Dover, Delaware — Chesapeake Utilities Corporation (NYSE: CPK) today reported second quarter financial results. The Company’s net income for the quarter ended June 30, 2013 was $4.4 million, or $0.45 per share. This represents a decrease of $704,000, or $0.07 per share, compared to the same quarter in 2012.

For the six months ended June 30, 2013, the Company reported net income of $19.2 million, or $1.99 per share. This represents an increase of $3.4 million or $0.36 per share, compared to the same period in 2012.

The decrease in net income in the second quarter of 2013, compared to the same quarter in 2012, was due primarily to the impact of two non-recurring adjustments: (a) a one-time sales tax expense of $759,000 related to the acquisition of assets in Maryland, as further explained in the Financial Summary Highlights section, and (b) a non-recurring increase in gross margin of $568,000 in the second quarter of 2012, related to prior period accrued revenues. Absent these non-recurring adjustments, net income for the current quarter would have increased by $99,000 compared to the same period in 2012.

“Our financial results for the second quarter reflect both continued growth and continued investment in our businesses,” stated Michael P. McMasters, President and Chief Executive Officer of Chesapeake Utilities Corporation. “In 2012, we extended natural gas transmission service to Worcester County, Maryland, and in May 2013, we completed the purchase of the operating assets of Eastern Shore Gas Company (“ESG”) and its affiliates in Maryland. Through our new wholly-owned subsidiary, Sandpiper Energy, Inc. (“Sandpiper”), we began serving approximately 11,000 residential and commercial underground propane system customers acquired in this transaction using new tariff rates approved by the Maryland Public Service Commission,” Mr. McMasters noted.

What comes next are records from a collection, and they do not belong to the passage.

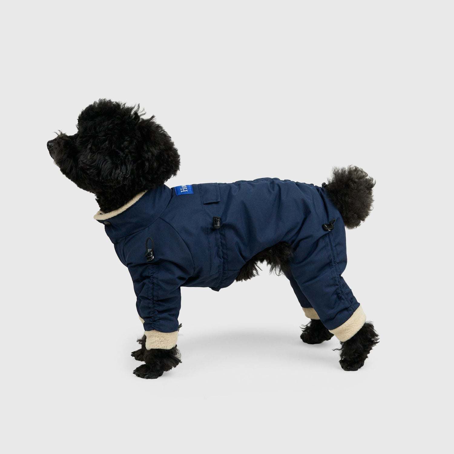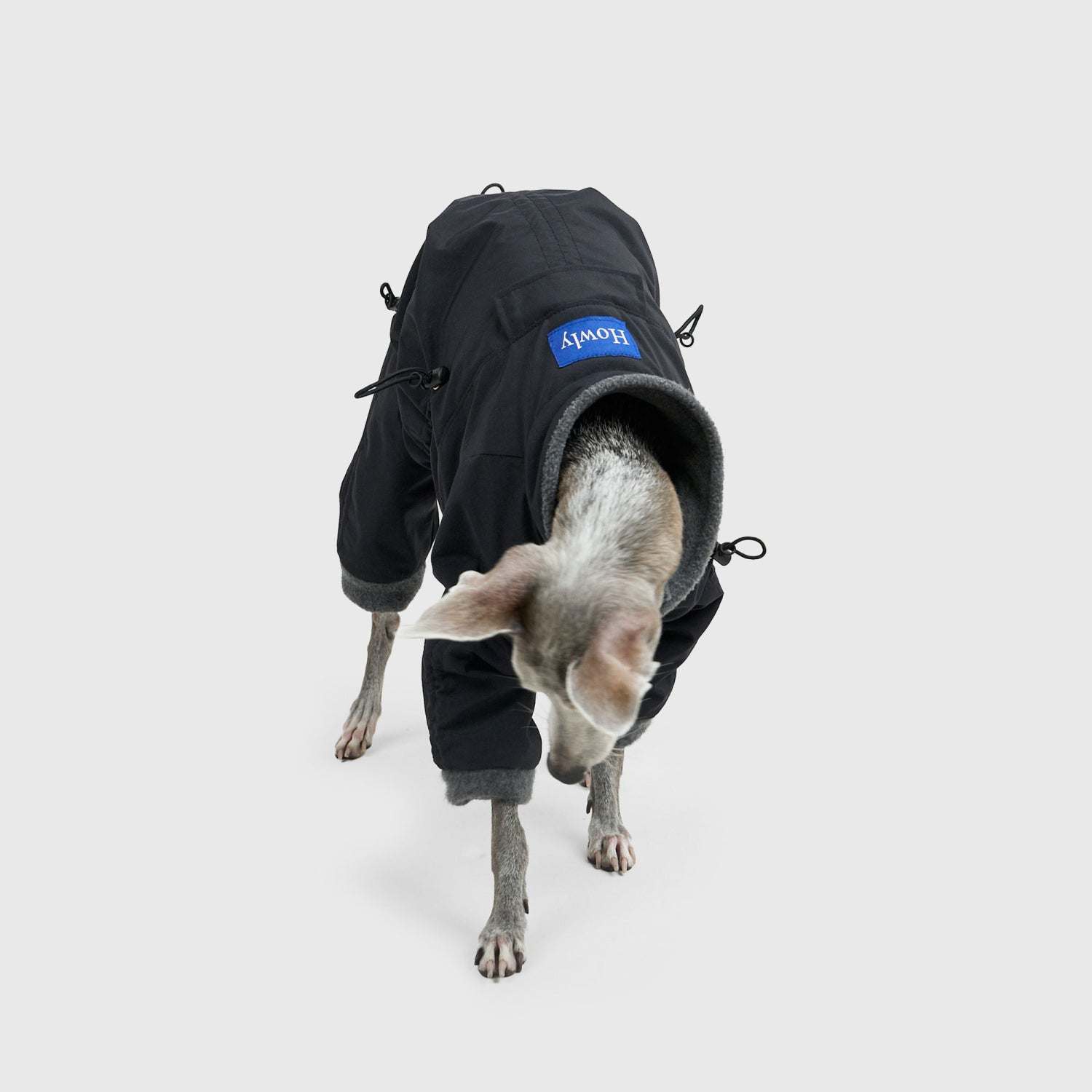 着丈・袖丈(4カ所)・胴回りの7カ所をドローコードでサイズの微調整ができ、体型の個性やインナーの厚みに合わせて密着度を最適化。体温で温まった空気層を保持しやすく、胴回りを整えることでおしっこ汚れのリスクも軽減します。立体設計のスーツ型シルエットが可動域を確保し、動きの多い散歩でもストレスを最小限に。
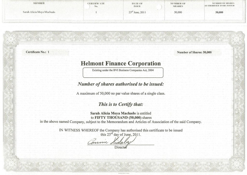 Helmont Finance Corporation se constituyó en Islas Vírgenes Británicas el 23 de junio de 2011. Desde el inicio del procedimiento Moya fue representada por una abogada de origen colombiano llamada Natalia Mulford, quien entonces trabajaba en Panamá para la firma Family Council Wealth Consulting Planning (FCWCP), fundada en Bogotá por el experto en asesoría de empresas en temas sucesorales, Raúl Serebrenik.
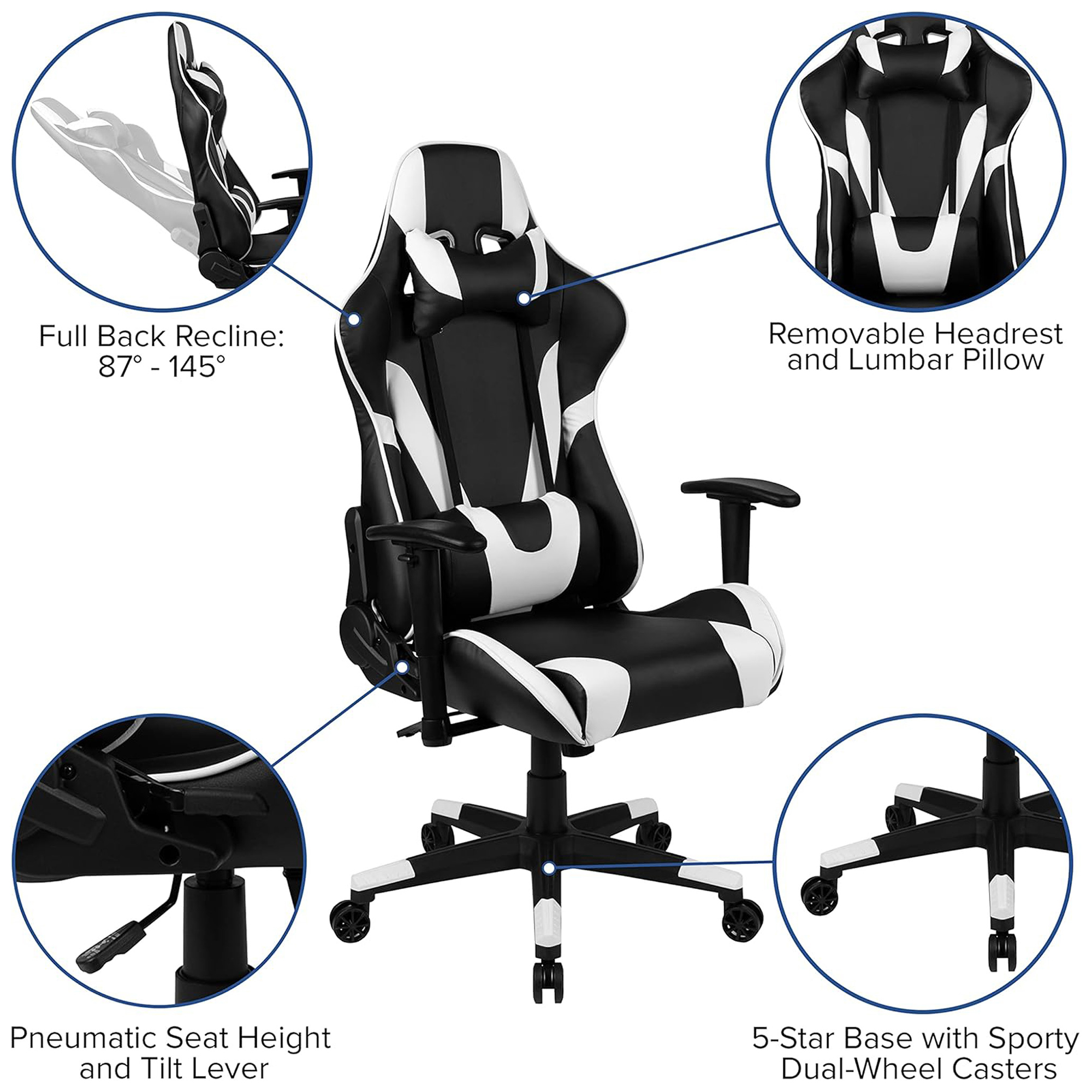 This gaming chair features a bold racer-inspired look with a sleek black and white faux leather finish, making it the perfect statement piece for any setup. Whether you’re battling through marathon gaming sessions or staying productive at your desk, this office chair provides the comfort and flexibility you need.
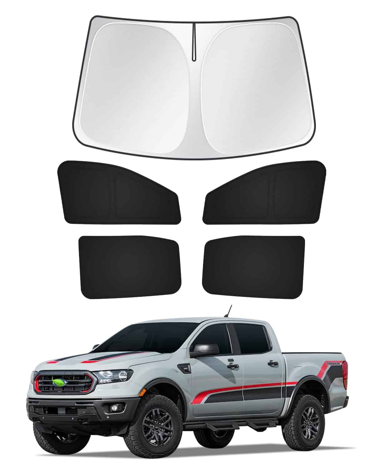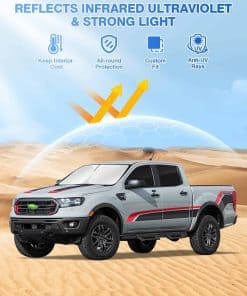 Canvcle Sunshades for 2019-2024 2025 Ford Ranger 4Door Windshield Sunshade Side Rear Windows Sun Visor Shield Privacy Cover Keep Vehicle Cool Black 5PCS – Este protector solar completo de ventanas Canvcle está diseñado específicamente para Ford Ranger 4 puertas 2019 2020 2021 2022 2023 2024 2025 sin dejar espacios. Las cubiertas de ventanas proporcionan protección UV completa para tu coche, manteniéndolo más fresco en los días calurosos. Protege el interior de tu coche de los dañinos rayos UV. Las cortinas para ventanas también protegen a bebés y niños del sol y reducen la temperatura interior del coche. ¡Grandes accesorios para tu coche! Este kit de parasol para ventanas es perfecto para bloquear los dañinos rayos UV que pueden dañar el interior de tu coche. Las cortinas para ventanas también protegen a los bebés y niños del sol y reducen la temperatura interior del coche. También proporciona un espacio más oscuro para mayor privacidad cuando viajas o acampas. ¡Disfruta mejor del camping y descansa! Esta visera solar plegable proporciona un apagón completo para mayor privacidad y bloquea el deslumbramiento del sol. Haz de tu coche un lugar más oscuro para descansar o tener privacidad durante el almuerzo o el camping. Fácil de instalar y quitar. Simplemente mete las cubiertas de ventanas del coche en cada marco de ventana, solo toma unos minutos. Conveniente para el uso diario, puedes quitar la cubierta de sombra para ventanas cuando no la necesites.

“In May 2013, Eastern Shore Natural Gas Company (“Eastern Shore”), our interstate pipeline subsidiary, commenced new services to a Dover electric generation plant owned by NRG Energy Center Dover LLC (“NRG”) and additional services to the PBF Energy Inc. (“PBF Energy”) refinery in Delaware City. Additionally, although there is no financial impact in the current quarterly results, in June 2013, Eastern Shore filed an application with the Federal Energy Regulatory Commission (“FERC”) seeking approval to construct a pipeline lateral to the electric generation plant owned by Calpine Energy Services, L.P. (“Calpine”) and currently under construction in Dover. Our second quarter’s results include additional gross margin generated from recent investments we have made to grow our business as well as increased costs associated with strengthening various corporate functions that support our continued growth. We are continuing to identify future opportunities like those described previously and believe these investments in corporate resources are important to further develop our capability to capitalize on future growth opportunities both within and beyond our existing footprint. We expect to incur additional costs as we continue to expand this capability,” Mr. McMasters added.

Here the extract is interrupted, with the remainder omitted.